• Exercise input:
====================

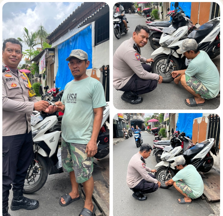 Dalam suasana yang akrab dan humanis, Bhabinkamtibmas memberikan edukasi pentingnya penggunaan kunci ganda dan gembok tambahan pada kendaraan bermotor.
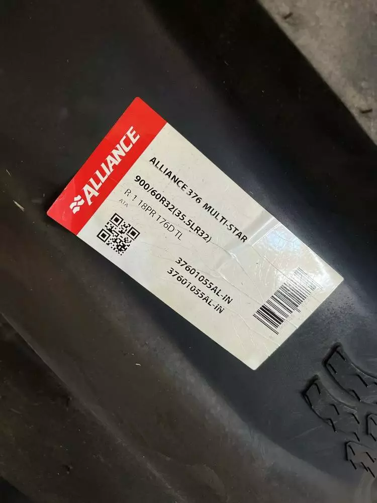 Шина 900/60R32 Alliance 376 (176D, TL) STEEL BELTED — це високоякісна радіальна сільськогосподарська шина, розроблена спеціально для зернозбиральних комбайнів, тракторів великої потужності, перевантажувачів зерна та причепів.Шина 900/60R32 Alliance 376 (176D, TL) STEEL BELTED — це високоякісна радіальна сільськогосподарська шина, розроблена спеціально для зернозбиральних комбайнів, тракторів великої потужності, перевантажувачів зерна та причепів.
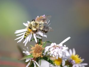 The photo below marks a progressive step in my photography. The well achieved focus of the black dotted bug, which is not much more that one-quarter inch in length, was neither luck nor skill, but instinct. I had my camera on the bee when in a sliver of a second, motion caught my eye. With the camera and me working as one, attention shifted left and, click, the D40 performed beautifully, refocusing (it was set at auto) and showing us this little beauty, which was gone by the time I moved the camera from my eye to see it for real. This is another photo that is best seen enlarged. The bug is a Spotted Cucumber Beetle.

====================

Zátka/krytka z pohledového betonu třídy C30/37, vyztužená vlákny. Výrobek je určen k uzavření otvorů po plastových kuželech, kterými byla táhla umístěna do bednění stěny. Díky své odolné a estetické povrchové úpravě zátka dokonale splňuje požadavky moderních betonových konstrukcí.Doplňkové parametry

====================

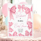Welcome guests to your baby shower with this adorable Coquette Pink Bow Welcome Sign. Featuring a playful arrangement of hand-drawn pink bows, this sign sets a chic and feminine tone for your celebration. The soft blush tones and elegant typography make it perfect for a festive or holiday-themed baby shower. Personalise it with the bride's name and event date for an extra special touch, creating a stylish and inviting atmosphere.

====================

• Exercise:
Starting at the line containing "Dalam suasana yang" and stopping at the line containing "зерна та причепів.Шина", output every line above exactly, both ends included, with pictures omitted.

• Exercise answer:
 Dalam suasana yang akrab dan humanis, Bhabinkamtibmas memberikan edukasi pentingnya penggunaan kunci ganda dan gembok tambahan pada kendaraan bermotor.
 Шина 900/60R32 Alliance 376 (176D, TL) STEEL BELTED — це високоякісна радіальна сільськогосподарська шина, розроблена спеціально для зернозбиральних комбайнів, тракторів великої потужності, перевантажувачів зерна та причепів.Шина 900/60R32 Alliance 376 (176D, TL) STEEL BELTED — це високоякісна радіальна сільськогосподарська шина, розроблена спеціально для зернозбиральних комбайнів, тракторів великої потужності, перевантажувачів зерна та причепів.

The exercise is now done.